If you’re scheduled for surgery, whether it's fibroid removal, appendectomy, hip replacement, kidney transplant, or coronary artery graft, then it’s time to adapt your diet, exercise, and alternative therapies, pre and post-surgery, to improve your health to aid speedy recovery.

There is no simple surgery and most people don’t like the thought, but unfortunately some people must take the plunge at some time. Children may have to remove their tonsils, women may go through a caesarean operation, men may need prostrate or hernia surgery, and by middle age many have frequented hospitals for operations on anything from glaucoma and arthritis to blocked vessels and cancer, or weight reduction surgery.

Get weight right, eat well, and heal faster

There’s no need to panic over a scheduled operation as you’ll recovery quickly so long as you prepare adequately.  It’s important to begin early the pre-surgery healthy lifestyle. Most important of all is to create the right atmosphere to support recovery. Being in a good physical and mental state is crucial.  For instance get as close to your ideal weight as much as possible, because if you’re overweight or too thin the body struggles through healing.   Eating a healthy diet along with exercise will provide various health benefits which range from better circulation in skin and tissues to improving the heart’s capacity to handle physical stress.  In the days before and after surgery, vitamin A and C can help prepare the body for surgery and better wound healing, including healthier calories and protein to aid quick repair of tissues.  

A herbal and  healthy diet are also safe and fast acting way to stimulate the body’s natural healing abilities. 

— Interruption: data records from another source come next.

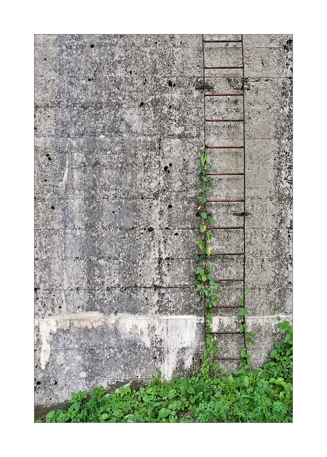 Questa esce dal coro, la sento più tua perché interpreta quell'abbandono in chiave personale, hai voluto darle quella minimalità che però dice tutto, c'è davvero tutto quel discorso in questa semplice scala in ferro che piano piano è scalata dal rampicante che in fondo ingentilisce quel manufatto, ragionando per iperbole l'uomo ha soggiogato la natura ma mai fino in fondo.
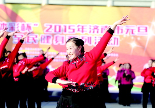 1月1日,大明湖超然楼前,来自济南各区的大妈大爷们跳起健身舞,用全民健身活动迎接新年。
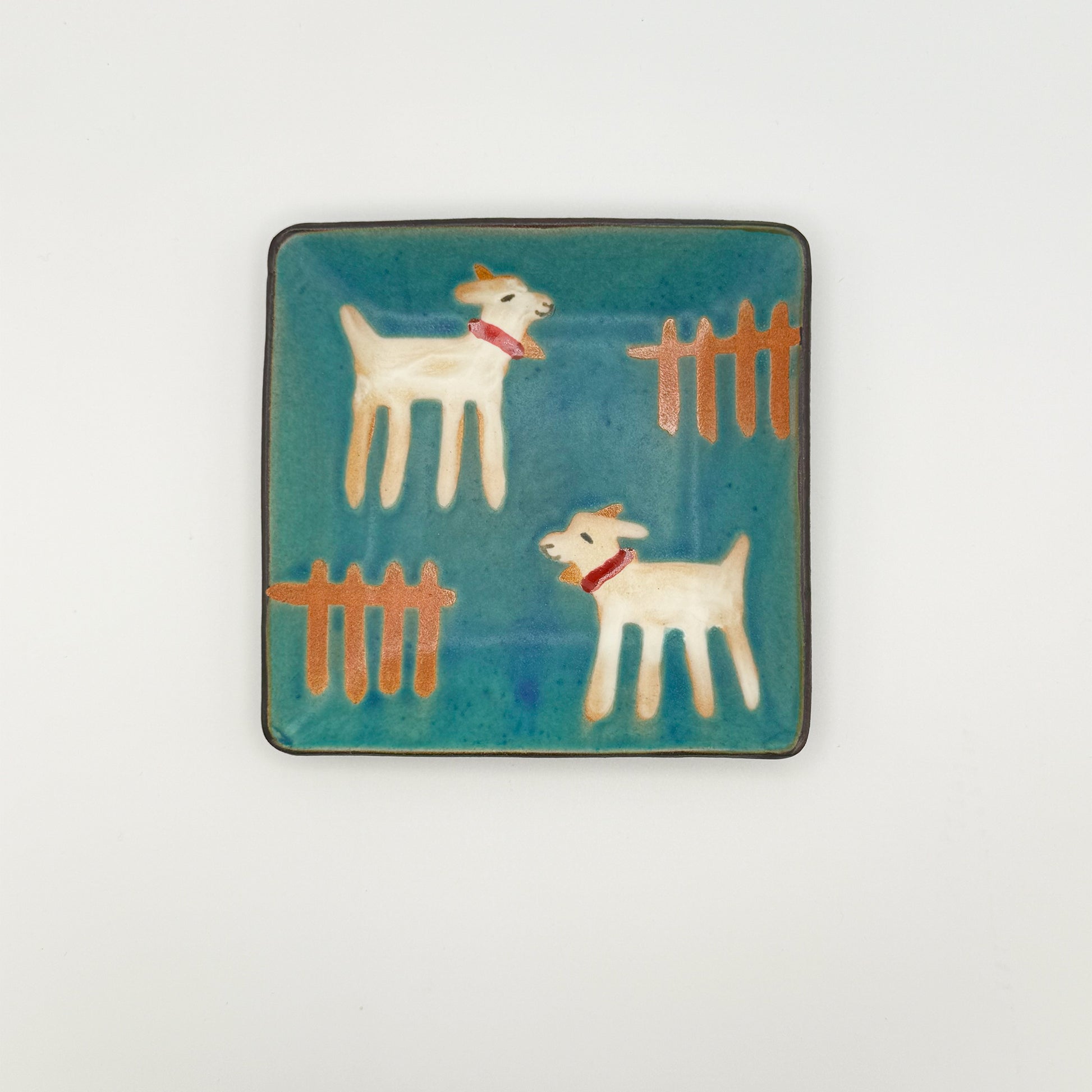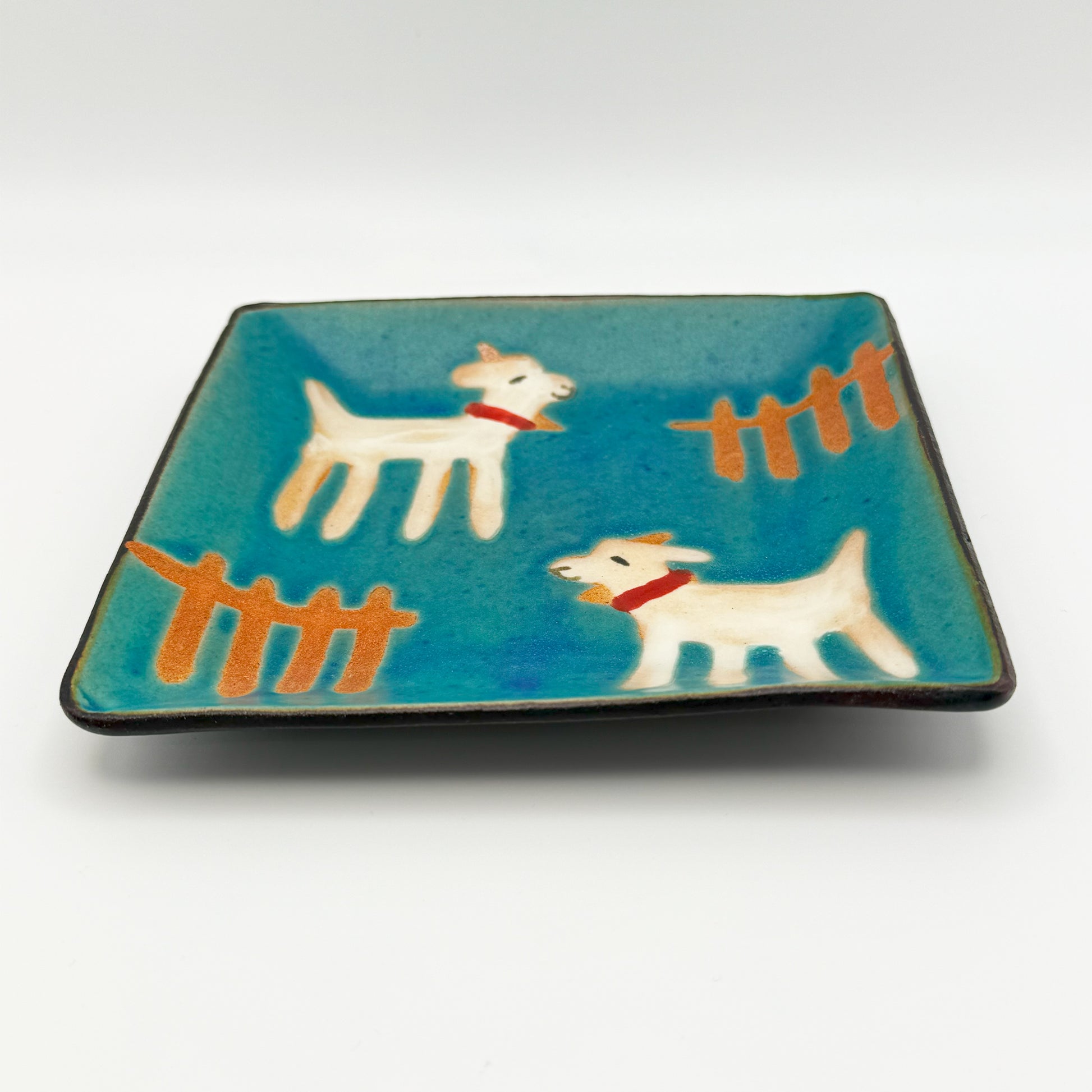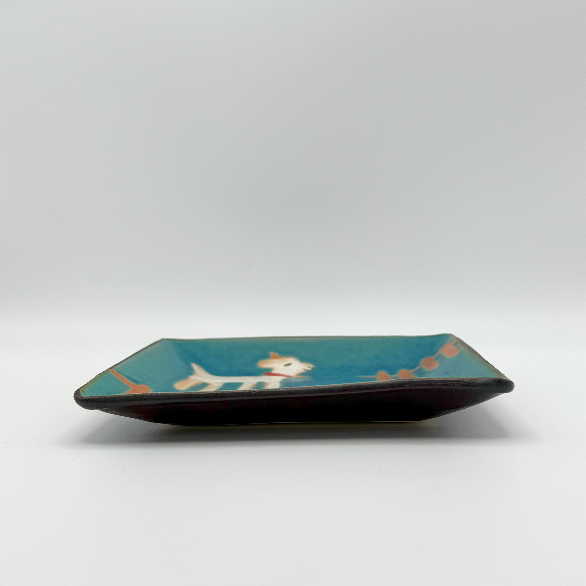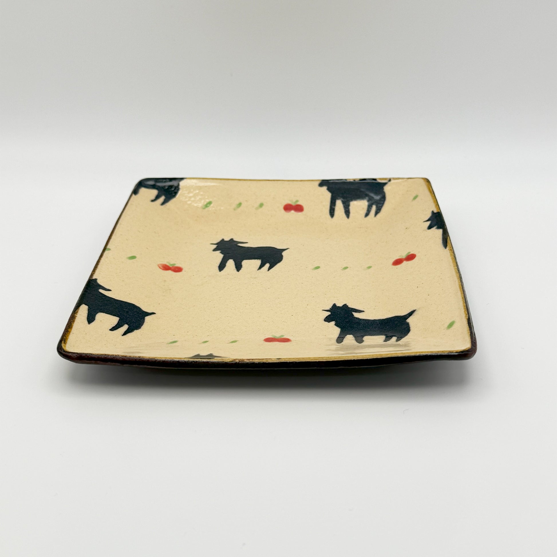 沖縄を中心に活動している陶芸工房”アトリエクッチャネ”。使いやすいサイズの角皿。ケーキなどにピッタリです。
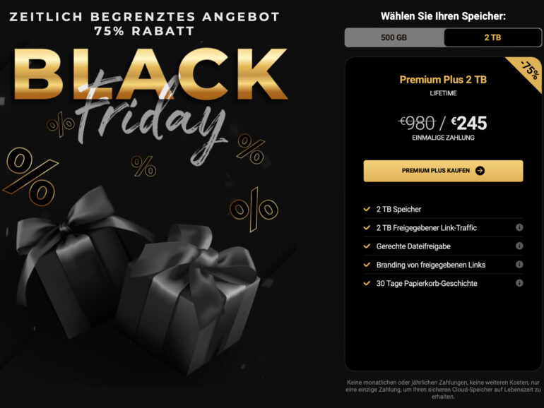 Den oben erwähnten Lifetime-Plan für 2 TB Cloud-Speicher bekommst du momentan satte 75% günstiger. Das heißt, du zahlst statt 980 Euro nur 245 Euro und bekommst ein Leben lang deinen sicheren Speicherplatz mit allen flexiblen Möglichkeiten. Aber Achtung: Das Angebot endet nach dem Black-Friday-Wochenende! Möchtest du dir diesen einmaligen Deal sichern, brauchst du nur hier auf den Link zu klicken und zuzuschlagen.
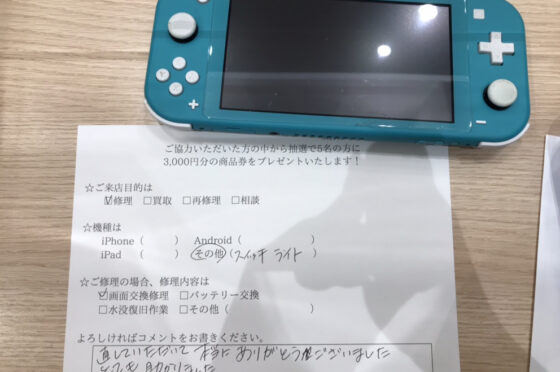 【お客様の声】NintendoSwitchLiteの液晶画面交換しました!

  • ·         Bee propolis has a wide range of benefits.  It's a healing antiseptic, and a natural antibiotic and anti-inflammatory.  You will find it in liquid form, capsules (Royal Jelly supplements), and tablets.  Take 500mg once or twice daily.
  • ·         Zinc can help prepare the body for surgery by toning the immune system and helping ward off infection.  It's also great for speeding wound healing afterwards and has an anti-inflammatory action on the body.  You will find it in meat, seafood, wheatgerm, pumpkin seeds and eggs.  You can take a supplement if you feel you’re not getting enough in your diet. 
  • ·         A diet rich in low-glycemic index (GI) such as fruits, vegetables and wholegrain cereals, will help give you more energy after an operation.  Low GI foods release glucose slowly into the bloodstream, keeping blood sugar levels on an even level.
  • ·         Herbal liquid iron is a good pick me up tonic after surgery, when it can help beat fatigue and get you fighting fit again. A liquid form is easier for the body to absorb and is often mixed with B vitamins, for their additional energy and health boosting qualities. You can also try drinking juice from pumpkin leaves for extra iron.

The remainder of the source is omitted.